If you do I recommend no chemicals or deodorants, bet those are poisonous and they will eat it, why don t you choose other natural stuff, wood chips, even coarse sand (my less favorite) lava rock litter are my choice, supply stores sell them, check them out on the net in any of the pigeon supply stores


----------



## Jr Brown (May 22, 2012)

I have been using 100% clay kitty litter for years. I think it works really well. I am concerned about the fine dust but, I actually pour it from the bag into a bucket with a fan blowing across it to blow the fine dust away. Then I feel it is ready to spread on the floor. I get 7 pound bags at WalMart for about $1.07 for a bag.


----------



## pigeon george (Aug 7, 2003)

I was concerned about dust and went from daily scraping to oil absorbent, it keeps coop cleaner and drier but feel it absorbed oil better than water so tomorrow I'm switching to regular harts clay cat litter, the birds feet and tails stay cleaner with some sort of deep litter , especially the sires when they are showing off.


----------



## Jay3 (May 4, 2008)

Scraping often keeps their feet and tails pretty clean too. Only takes minutes a day. And you don't have to worry about the dust.


----------



## jak2002003 (Jan 10, 2012)

I find the best is a deep layer of sand.. just cheap builders sand or river sand.

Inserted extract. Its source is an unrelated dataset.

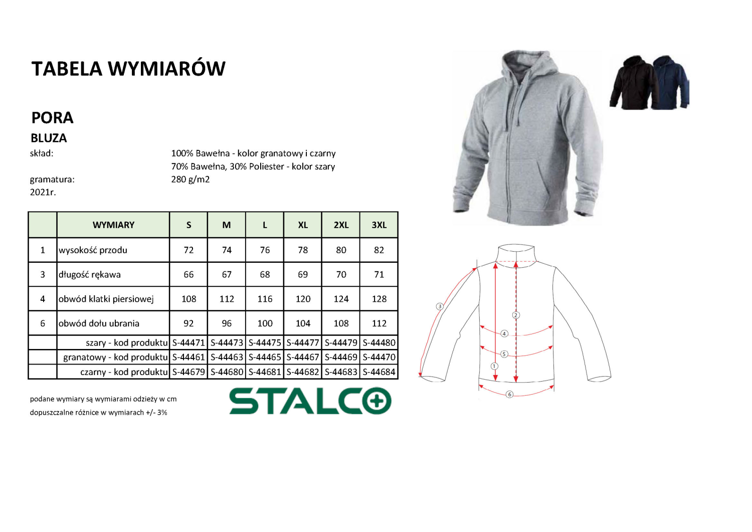 Uniwersalna bluza z kapturem PORA jest częścią odzieży, która przyda się przy przeprowadzaniu rozmaitych zadań. Będzie świetnym elementem ubioru pracowników wykonujących lekkie fizyczne zadania jak montaż, serwis, prace magazynowe i transport. Sprawdzi się w codziennym użytkowaniu, a także jako tymczasowe zabezpieczenie przed chłodem. Wysoki komfort użytkowania zapewnia odpowiednio dobrana dzianina bawełniana. Bluza ma luźny uniwersalny krój, dlatego nie stanowi ograniczenia przy wykonywaniu skrajnych ruchów. Jest oferowana w trzech wariantach kolorystycznych.

The poops dry out on it and raked up or sieved out (I use a large shallow plastic tray with mesh bottom to sieve out the poop once a week).

There is zero smell, so long as you keep it dry. I last all the time and never need replacing, I just add a couple sacks extra once a year.

I only have about 30 birds.

I used to dry scrape, but the loft never really looked 'clean' and the birds would step in any fresh poops and get them on then feet.. then fly up to the perches and spread it all over the place.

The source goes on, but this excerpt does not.